### [TASK GOAL]
In the records below, find the line containing "さて、そこから程近いところに" and transcribe it and every line after it exactly; leave the pictures out.

### [INPUT]
• • • •
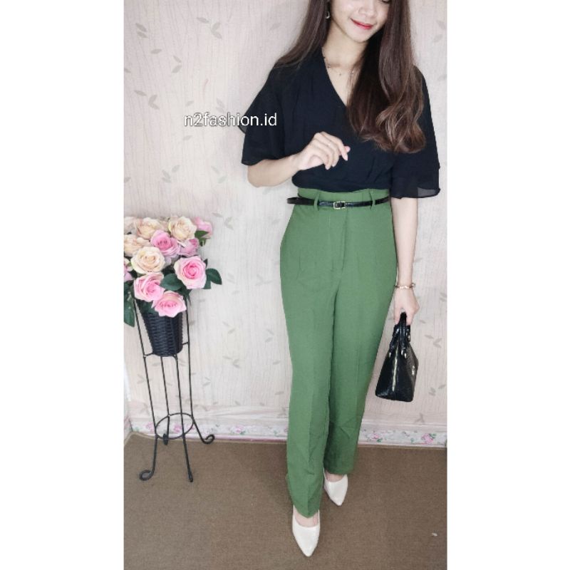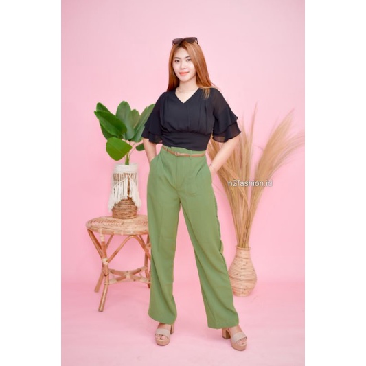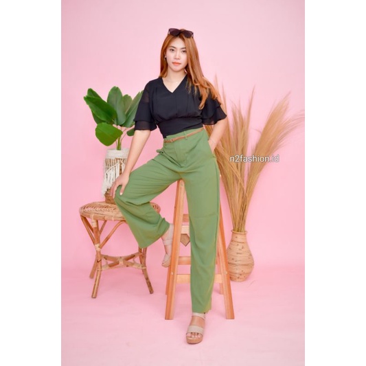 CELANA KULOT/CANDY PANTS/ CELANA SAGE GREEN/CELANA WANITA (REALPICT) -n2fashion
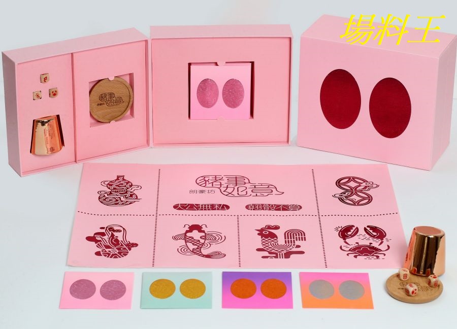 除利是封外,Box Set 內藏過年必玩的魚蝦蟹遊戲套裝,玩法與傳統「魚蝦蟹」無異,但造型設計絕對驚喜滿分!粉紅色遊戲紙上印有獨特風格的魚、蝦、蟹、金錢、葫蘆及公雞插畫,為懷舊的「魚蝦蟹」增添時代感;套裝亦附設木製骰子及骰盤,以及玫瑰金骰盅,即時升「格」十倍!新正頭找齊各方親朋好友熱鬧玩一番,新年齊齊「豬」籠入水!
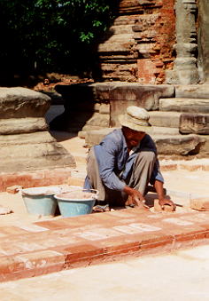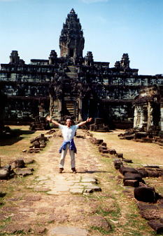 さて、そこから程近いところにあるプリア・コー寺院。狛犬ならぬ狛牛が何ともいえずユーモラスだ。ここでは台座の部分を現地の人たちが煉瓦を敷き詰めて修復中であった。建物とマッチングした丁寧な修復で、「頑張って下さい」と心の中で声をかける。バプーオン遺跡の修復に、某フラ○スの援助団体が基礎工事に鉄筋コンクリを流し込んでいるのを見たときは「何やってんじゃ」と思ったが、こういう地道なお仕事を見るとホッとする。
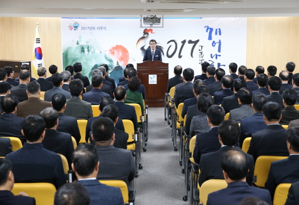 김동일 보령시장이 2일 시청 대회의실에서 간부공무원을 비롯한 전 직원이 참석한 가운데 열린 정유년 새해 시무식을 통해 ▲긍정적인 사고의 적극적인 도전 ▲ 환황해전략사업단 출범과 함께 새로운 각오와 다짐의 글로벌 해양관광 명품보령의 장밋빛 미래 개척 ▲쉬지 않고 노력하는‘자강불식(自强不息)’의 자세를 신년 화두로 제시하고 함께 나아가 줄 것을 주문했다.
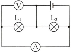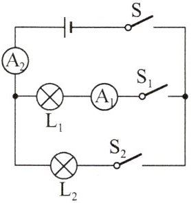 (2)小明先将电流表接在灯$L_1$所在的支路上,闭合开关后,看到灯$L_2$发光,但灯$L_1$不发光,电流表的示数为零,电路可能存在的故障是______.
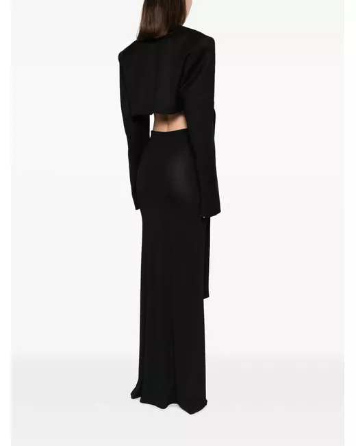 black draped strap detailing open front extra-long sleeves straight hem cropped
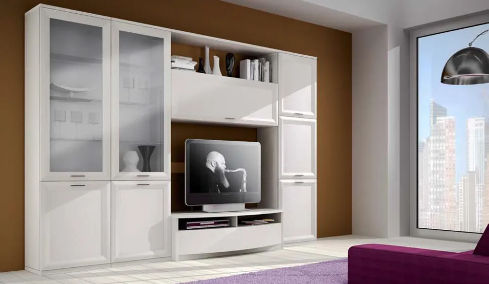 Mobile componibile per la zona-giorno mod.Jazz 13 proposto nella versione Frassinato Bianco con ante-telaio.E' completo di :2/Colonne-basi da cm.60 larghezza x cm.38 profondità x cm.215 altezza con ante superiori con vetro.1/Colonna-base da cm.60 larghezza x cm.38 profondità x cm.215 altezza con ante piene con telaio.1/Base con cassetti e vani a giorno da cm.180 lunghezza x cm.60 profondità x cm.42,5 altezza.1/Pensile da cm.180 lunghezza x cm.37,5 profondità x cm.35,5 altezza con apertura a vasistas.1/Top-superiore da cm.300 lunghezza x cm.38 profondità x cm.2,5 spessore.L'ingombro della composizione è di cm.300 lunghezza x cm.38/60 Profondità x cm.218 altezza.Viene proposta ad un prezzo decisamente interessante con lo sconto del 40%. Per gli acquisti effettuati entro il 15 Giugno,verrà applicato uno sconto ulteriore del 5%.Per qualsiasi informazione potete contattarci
• • • •
### [EXERCISE RESULT]
 さて、そこから程近いところにあるプリア・コー寺院。狛犬ならぬ狛牛が何ともいえずユーモラスだ。ここでは台座の部分を現地の人たちが煉瓦を敷き詰めて修復中であった。建物とマッチングした丁寧な修復で、「頑張って下さい」と心の中で声をかける。バプーオン遺跡の修復に、某フラ○スの援助団体が基礎工事に鉄筋コンクリを流し込んでいるのを見たときは「何やってんじゃ」と思ったが、こういう地道なお仕事を見るとホッとする。
 김동일 보령시장이 2일 시청 대회의실에서 간부공무원을 비롯한 전 직원이 참석한 가운데 열린 정유년 새해 시무식을 통해 ▲긍정적인 사고의 적극적인 도전 ▲ 환황해전략사업단 출범과 함께 새로운 각오와 다짐의 글로벌 해양관광 명품보령의 장밋빛 미래 개척 ▲쉬지 않고 노력하는‘자강불식(自强不息)’의 자세를 신년 화두로 제시하고 함께 나아가 줄 것을 주문했다.
 (2)小明先将电流表接在灯$L_1$所在的支路上,闭合开关后,看到灯$L_2$发光,但灯$L_1$不发光,电流表的示数为零,电路可能存在的故障是______.
 black draped strap detailing open front extra-long sleeves straight hem cropped
 Mobile componibile per la zona-giorno mod.Jazz 13 proposto nella versione Frassinato Bianco con ante-telaio.E' completo di :2/Colonne-basi da cm.60 larghezza x cm.38 profondità x cm.215 altezza con ante superiori con vetro.1/Colonna-base da cm.60 larghezza x cm.38 profondità x cm.215 altezza con ante piene con telaio.1/Base con cassetti e vani a giorno da cm.180 lunghezza x cm.60 profondità x cm.42,5 altezza.1/Pensile da cm.180 lunghezza x cm.37,5 profondità x cm.35,5 altezza con apertura a vasistas.1/Top-superiore da cm.300 lunghezza x cm.38 profondità x cm.2,5 spessore.L'ingombro della composizione è di cm.300 lunghezza x cm.38/60 Profondità x cm.218 altezza.Viene proposta ad un prezzo decisamente interessante con lo sconto del 40%. Per gli acquisti effettuati entro il 15 Giugno,verrà applicato uno sconto ulteriore del 5%.Per qualsiasi informazione potete contattarci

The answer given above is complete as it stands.